For each tool (including the one published in this study), we summarize: the software category (based upon the tool’s architecture and mode of use); its metabolism reconstruction strategy (whether it is a pathway prediction tool or a modeling tool or both); the data source(s) it uses for enzyme and metabolic pathway information; how it calculates pathway completeness or generates models (depending on reconstruction strategy); what input and output types it accepts/generates; any additional capabilities as advertised by the tool’s publication; whether or not the tool is open-source; the program type; and what language(s) it is developed in (if known). The reference publication and code repository or webpage for each tool is also included.

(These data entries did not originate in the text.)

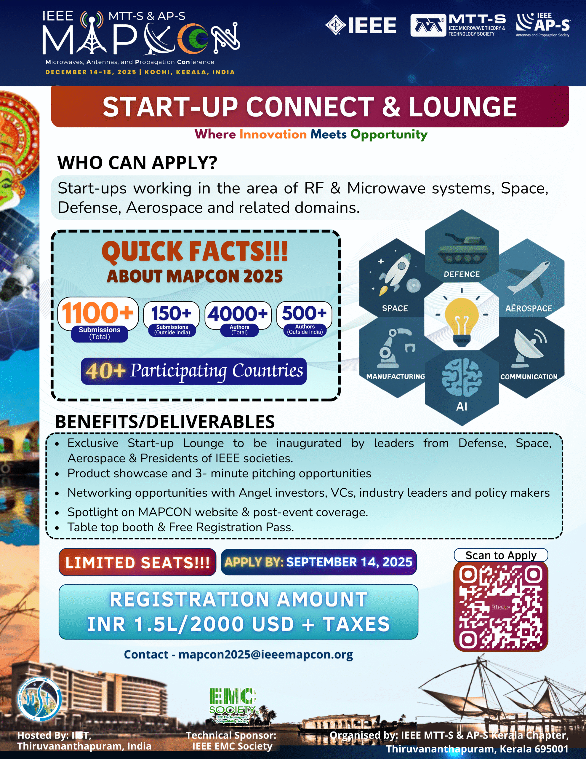 IEEE MAPCON 2025 proudly introduces its Start-up Lounge, a dynamic and high-visibility platform designed to promote cutting-edge start-ups in the fields of microwaves, antennas, remote sensing, and propagation. This initiative aims to bridge the gap between emerging ventures and key stakeholders by bringing together entrepreneurs, mentors, investors, industry leaders, and policy-makers to catalyze innovation from concept to commercialization.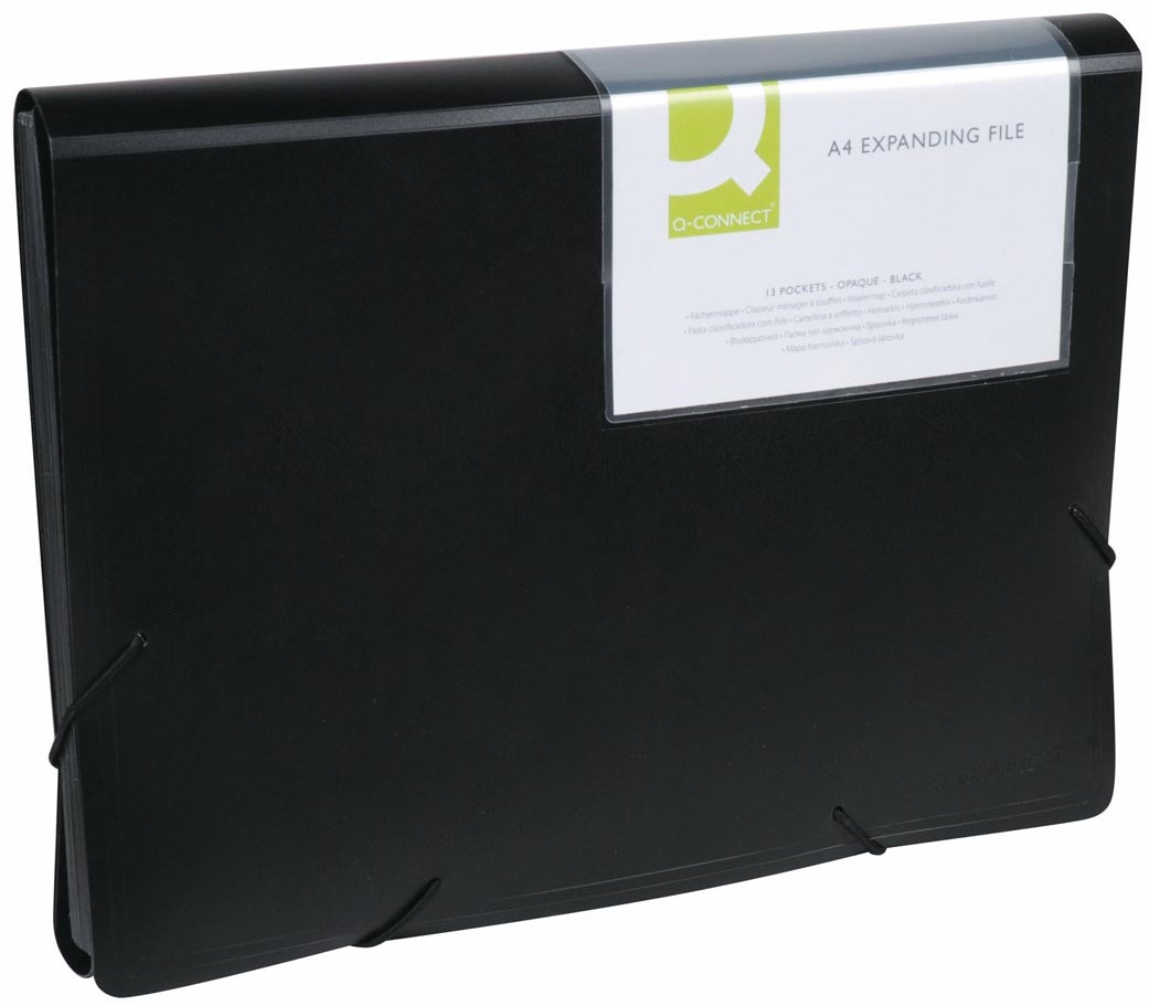 Stel een vraag over Q-CONNECT voorordner, A4, PP, met 13 vakken, elastieksluiting, zwart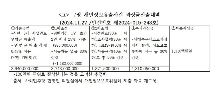 3일 국회 정무위원회 소속 사회민주당 한창민 의원실이 개인정보위 제출 자료 등에 따르면, 당시 과징금 산정 기준금액은 약 39억4천만원이었으나, 이후 조정·감경 절차를 거치며 최종 부과액은 13억1천만원으로 줄어든 것으로 나타났다.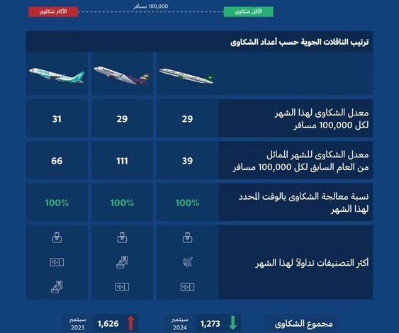 وأوضحت أن عدد شكاوى المسافرين على الناقلات الجوية بلغ (2399) شكوى، مبينةً أنَّ “طيران أديل” جاء أقلّ شركات الطيران شكاوى بواقع (38) شكوى لكل 100 ألف مسافر، وبنسبة معالجة للشكوى بالوقت المحدد لشهر سبتمبر إلى 98%، بينما حلَّ طيران ناس ثانيًا بواقع (43) شكوى لكل (100) ألف مسافر، وبنسبة معالجة للشكوى بالوقت المحدد إلى (100%)، وجاءت ثالثًا الخطوط الجوية السعودية، حيث وصل عدد الشكاوى إلى (54) شكوى لكل (100) ألف مسافر، وبنسبة معالجة للشكوى بالوقت المحدد إلى (90%)، وجاءت أكثر تصنيفات الشكاوى تداولًا لشهر سبتمبر عن الرحلات أولًا، ثم خدمات الأمتعة، ثم التذاكر.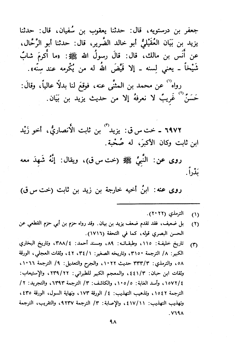 6972 - خت س ق: يزيد بن ثابت الأَنْصارِيّ (3) ، أخو زيد ابن ثابت وكان الأكبر، لَهُ صحبة.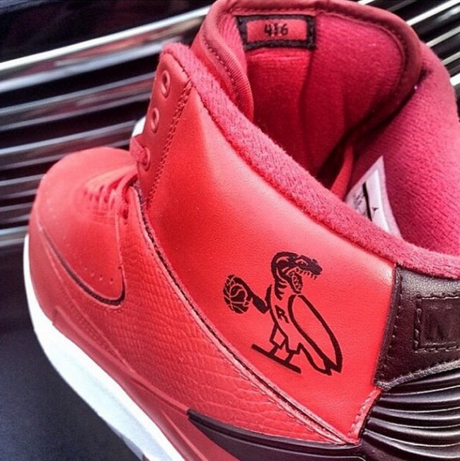 Drake与Jordan Brand的关系更近一步,鉴于他对于猛龙队的喜爱和支持,Jordan Brand为Drake特别打造了一双全新的OVO x Air Jordan 2。鞋款以红色搭配黑色,鞋领附有融合猛龙队标以及OVO logo的全新标识,鞋舌内侧则锈有多伦多地区号码416。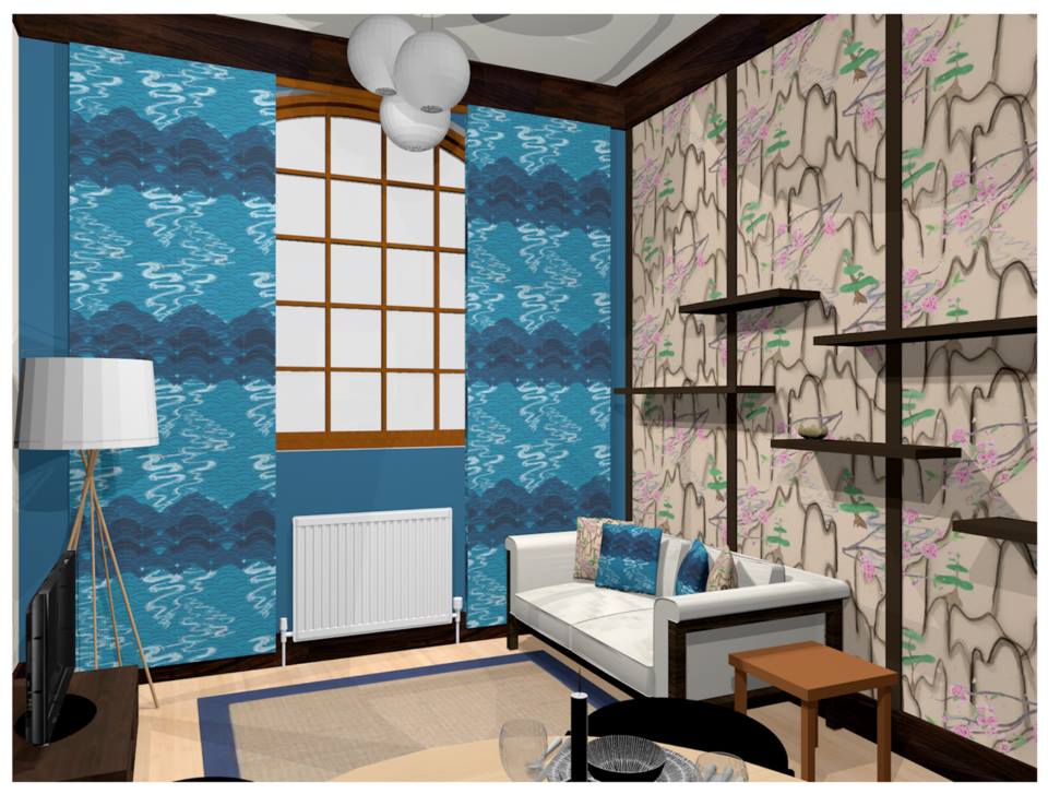 In the living room, I wanted to give it that traditional Japanese house feeling, but modernise it. So I added false wall panelling to create a faux Japanese screen wall as a feature wall. I then felt I needed to add the blue in to the room somewhere else, so I painted both shorter walls blue. By adding colour to these walls, it makes the room seem wider than what it is. I then painted the wall opposite the feature wall a cream/magnolia colour to reflect the feature wall and to lighten the room a bit as there are a lot of dark colours going on. I also modernised the room more by having a cluster of paper lampshades hanging in the lounge part of the living area and one lampshade in the dining area. I added wooden floors and placed an area rug between the sofa and tv unit to represent tatami mats, linking the modern and traditional designs together. On the feature wall I designed some floating shelves to be hung at random and at different levels. This was to create some more interest in the room and provide some storage space. I really love this design! It’s traditional Japanese meets modern Western design.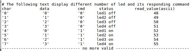 通过应用层程序发送信息,信息由两部分组成,第一部分决定具体LED灯的型号(在这里为LED24),第二部分是控制此型号灯的亮灭,每次通过write函数负责数据发送,read函数来去读取LED灯的状态。这里我列出一个表格,里面标注了每个数值对应的led灯状态。

(a) Distribution (mean and standard deviation) of PPCN and PPCN error (computed relative to either average genomic completeness or average genomic copy number) across each validation test case, as well as the proportion of correct, off-by-one, and off-by-two community size estimates in each test case. (b) Spearman’s correlation test results between sample parameters (genome size, community size, and diversity level) and important values computed in our approach (PPCN, PPCN accuracy metrics, and accuracy of community size estimates). Negative values are shown in red and nonsignificant p-values are highlighted in blue. (c) Normalized and rank-ordered relative abundance data from the top 20 most abundant microbial populations in healthy gut metagenomes that we used to recreate a ‘typical’ relative abundance curve for our simulated metagenomes, based upon data from Beghini et al., 2021. Each initial column provides the data from a single sample, and the final four columns describe: the average relative abundance at each rank order; the averages when scaled such that the minimum abundance is 1; the corresponding (integer) coverage values for each scaled average relative abundance value; and the coverage values when increased by 20× for sufficient sequencing depth for assembly.